Post From: Python for Sierra Chart

[2022-12-10 21:44:27]
User726340 - Posts: 30
Here is an efficient way to get pandas dataframe, uses numpy memmap.


import sys
from pathlib import Path
import numpy as np
import pandas as pd
# bar data columns
BCOLS = [
'Time', 'Open', 'High', 'Low', 'Close', 'Volume', 'Trades', 'BidVolume',
'AskVolume'
]
def get_scid_df(filename, limitsize=sys.maxsize):
f = Path(filename)
assert f.exists(), "file not found"
stat = f.stat()
offset = 56 if stat.st_size < limitsize else stat.st_size - (
(limitsize // 40) * 40)
rectype = np.dtype([
(BCOLS[0], '<u8'), (BCOLS[1], '<f4'), (BCOLS[2], '<f4'),
(BCOLS[3], '<f4'), (BCOLS[4], '<f4'), (BCOLS[6], '<i4'),
(BCOLS[5], '<i4'), (BCOLS[7], '<i4'), (BCOLS[8], '<i4')
])
df = pd.DataFrame(data=np.memmap(f, dtype=rectype, offset=offset,
mode="r"),
copy=False)
df.dropna(inplace=True)
df["Time"] = df["Time"] - 2209161600000000
df.drop(df[(df.Time < 1) | (df.Time > 1705466561000000)].index, inplace=True)
df.set_index("Time", inplace=True)
df.index = pd.to_datetime(df.index, unit='us')
df.index = df.index.tz_localize(tz="utc")
return df

df = get_scid_df('c:\SierraChart\Data\AAPL.scid')
print(df)



You can also read partial SCID file, by passing size (eg: read last 1mb of data):


get_scid_df('c:\SierraChart\Data\AAPL.scid', 1024*1024)

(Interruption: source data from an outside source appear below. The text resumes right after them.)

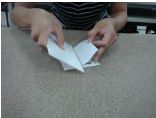
③貼卡典西德時，配合刮板去貼卡典西德，可以減少氣泡。
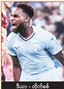
ဒီယာ - တိုက်စစ်

လာဇီယိုက ဒီပွဲစဉ်မတိုင်မီ နောက်တစ်ဆင့်ကို တိုက်ရိုက်တက်လှမ်းထားနိုင်ပြီဖြစ်လို့ လူစုံထုတ်လာဖွယ်မရှိဘူး။ ပေါ်တူဂီကလပ် ဘရာဂါက လာဇီယိုကို နိုင်ပွဲရမှသာလျှင် ရှုံးထွက်အဆင့်တက်လှမ်းနိုင်ရေး မျှော်လင့်နိုင်မှာ ဖြစ်တယ်။ ဘရာဂါက တိုက်စစ် ခံစစ်ဆိုးရွားတဲ့အသင်းထဲ ပါဝင်နေတယ်။ မဖြစ်မနေနိုင်ပွဲရဖို့ လိုအပ်နေတယ်ဆိုသော်ငြား ယူရိုပါလိဂ်မှာ တိုက်စစ်၊ ခံစစ်အကောင်းဆုံးအသင်းအဖြစ် ရပ်တည်နေတဲ့ လာဇီယိုကို အခက်တွေ့အောင်သာ ကစားနိုင်ဖွယ်ရှိပြီး နိုင်ပွဲရတဲ့အထိ စွမ်းဆောင်နိုင်ဖွယ်မရှိဘူး။
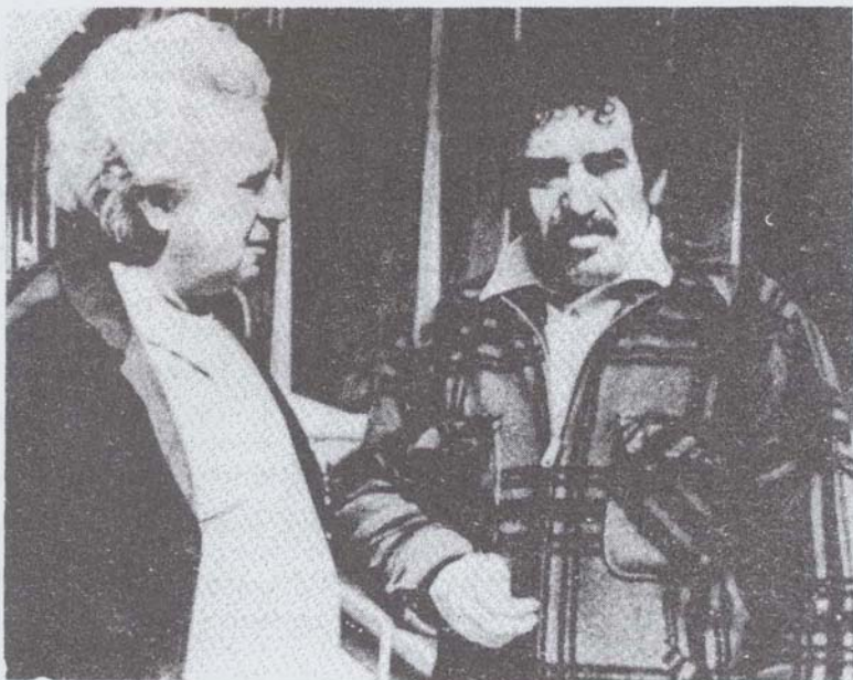
غابرييل غارسيا ماركيز مع الكاتب البرازيلي جورج أمادو
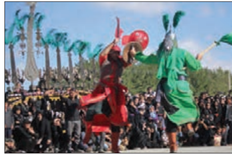
■ آگاهی‌های مشترک و تداوم آنها

جهان اجتماعی با انتقال فرهنگ خود به نسل‌های بعد تداوم می‌یابد. فرهنگ از طریق وراثت از نسلی به نسل دیگر منتقل نمی‌شود. به نظر شما فرهنگ با چه روشی از نسلی به نسل دیگر انتقال می‌یابد؟
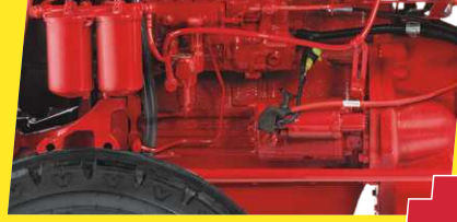
पावर में PLUS - ज़्यादा पावर
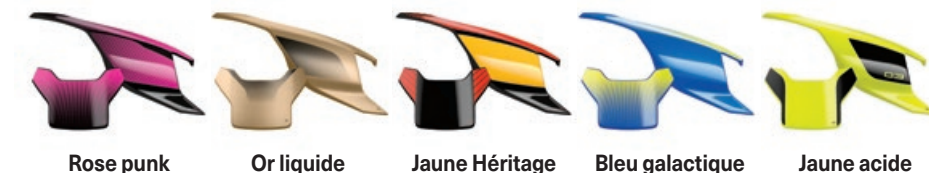
Rose punk Or liquide Jaune Héritage Bleu galactique Jaune acide

You can then use pandas resample to get any timeframe. for example, for 1min:

df_1min = (
df.resample("1Min")
.agg(
{
"Open": "first",
"High": "max",
"Low": "min",
"Close": "last",
"Volume": "sum",
"Trades": "sum",
"BidVolume": "sum",
"AskVolume": "sum",
}
)
.ffill()
)
print(df_1min)

Date Time Of Last Edit: 2022-12-10 22:01:46